Figure 8 shows the two indicators of sharpness, Q 10 (Fig. 8A) and Q ERB (Fig. 8B), plotted on a linear frequency axis for different cats (indicated with different symbols, see legend). In both figures, the filled dots, connected with dashed lines, are the average values across animals. The mean trend line of the Q 10 (Fig. 8A, dashed line) shows a fairly linear relation with probe frequency. For some probe frequencies, measurements are available for only a single animal and are thus statistically less reliable. For example, at 14 kHz, the mean trend line suggests a decreasing Q 10 factor beyond 12 kHz, but this is not supported by the within-animal trend (experiment A0962, … < Q 10, 10 kHz < Q 10, 12 kHz < Q 10, 14 kHz). A trend predictor more resistant to outliers, missing and scattered data points is the robust LOESS trend line (MATLAB routine smooth, method RLOESS, span 0.7), indicated in red in both plots. The LOESS trend lines show a, monotonically increasing, smoother course than the mean trend lines. The Q ERB trend line (Fig. 8B) shows a clear bend at 4 kHz with a much steeper slope at the lower frequency side.

FIG. 8
figure 8

Dependence of Q factors on probe frequency in cats. A Q 10 values for four cats are plotted against probe frequencies ranging from 0.5 to 14 kHz. The blue-filled dots connected with dashed lines are the mean values. The error bars indicate the standard errors of the mean; they are omitted for single data points. The red line is a trend line calculated with a RLOESS function (MATLAB). B Same as A, but for Q ERB for three cats.

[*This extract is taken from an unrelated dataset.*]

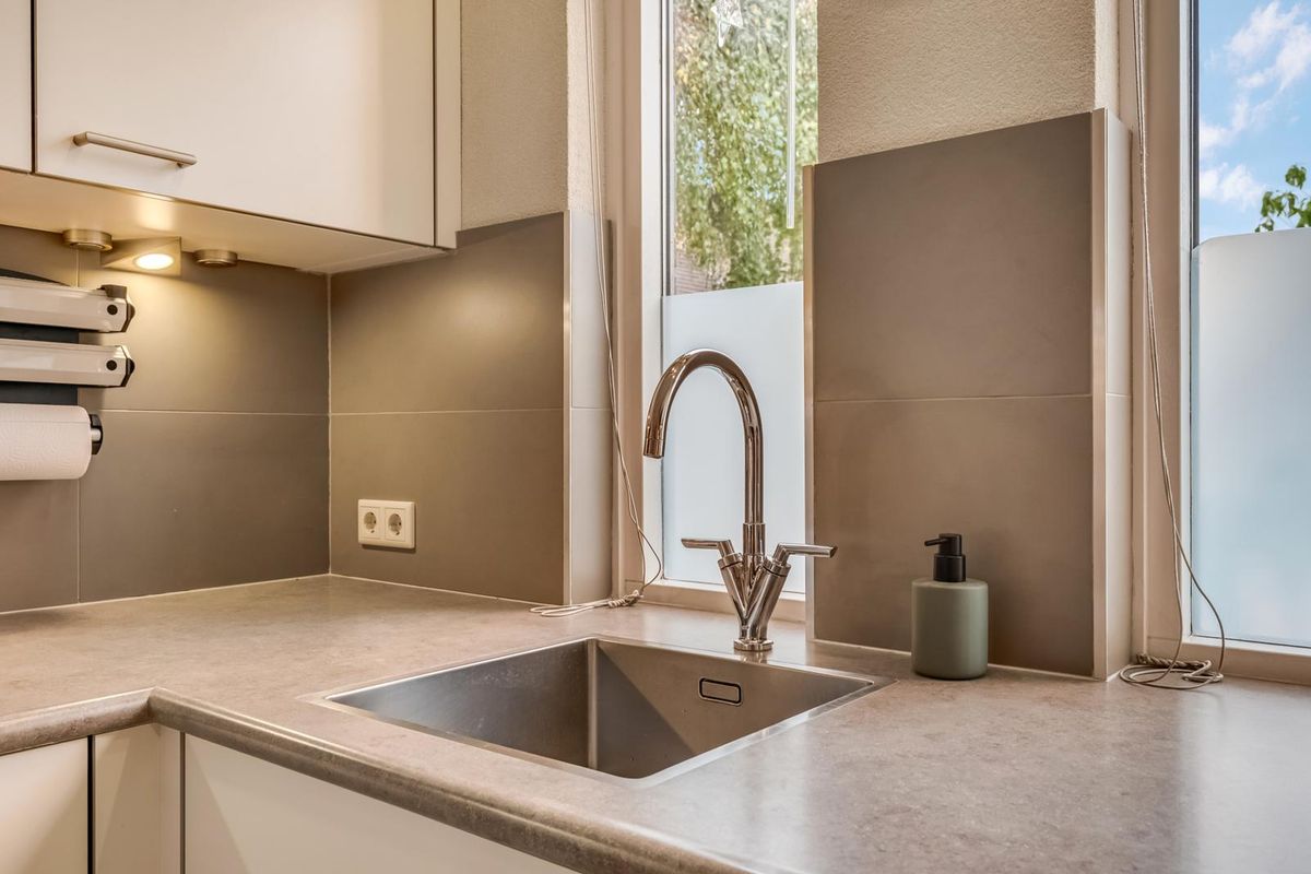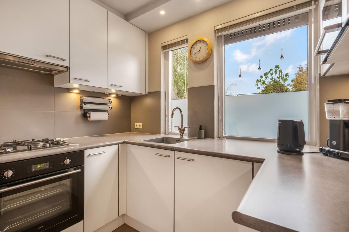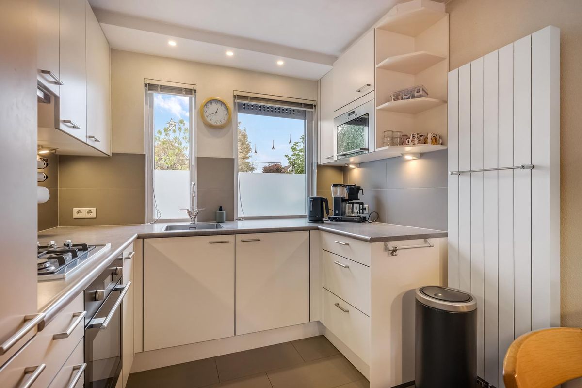 De keuken heeft een praktische opzet met voldoende kastruimte en werkblad. Alles wat je nodig hebt is aanwezig, en de lichte kleuren zorgen voor een frisse uitstraling. De eethoek sluit er mooi op aan, waardoor je een fijne plek hebt voor het dagelijkse leven.

In this study, Q factors are obtained with notched-noise maskers whereas Q factors from single fibers are obtained with tones. To make a more appropriate comparison between the results from different maskers/exciters, i.e., noise maskers versus tones, the MTCs from three cats were converted to auditory filters as commonly used in psychophysical experiments (see “Extraction from an auditory filter” in “Methods”). The filter parameters and Q factors obtained from the ROEX filters are given in Table 1. It is clear from this table that for most of the obtained ROEX filter functions the second term in the ROEX(p,w,t) is negligible (w < −100 dB). Note that the masking “efficiency,” K, in the table depends on the specific probe level and masking criterion and that direct comparison between K factors with different conditions is meaningless.

TABLE 1 Parameters, filter parameters, and results derived from the same data as in Figure 7

The Q 10 and Q ERB factors from Table 1 are depicted as a function of frequency in Figure 9. The ROEX-Q 10 trend line in Figure 9A shows the same course as the directly obtained Q 10 trend line (replotted from Fig. 8A), but with slightly lower values. The relationship (ratio) between the ROEX-Q 10 and the directly obtained Q 10 trend lines is constant over the considered frequency range with a mean value of 0.89 (STD 0.09) and is depicted as the black line in Figure 9A. Since the ratio is small and because of the additional uncertainties in the ROEX-Q 10 arising from the assumptions (linearity and ROEX filter shape) in the derivation of the auditory filter, we consider the difference between the two curves too small to warrant use of the ROEX filter method. Therefore, in the remainder of this study, we only consider the Q 10 values directly obtained from the MTCs.

FIG. 9
figure 9

Comparison between directly obtained Q factors (Fig. 8) and Q factors from an estimated ROEX filter function using a power spectrum model for masking. A Q 10 and B Q ERB. Q values for three cats are plotted against probe frequencies ranging from 0.5 to 14 kHz. The blue symbols indicate Q values from CAP; the red symbols are extracted from the fitted ROEX filter function. The lines are trend lines calculated with a RLOESS function available in MATLAB. The black line in A is the relationship between the sharpness of the two trend lines (ROEX-Q 10/direct-Q 10).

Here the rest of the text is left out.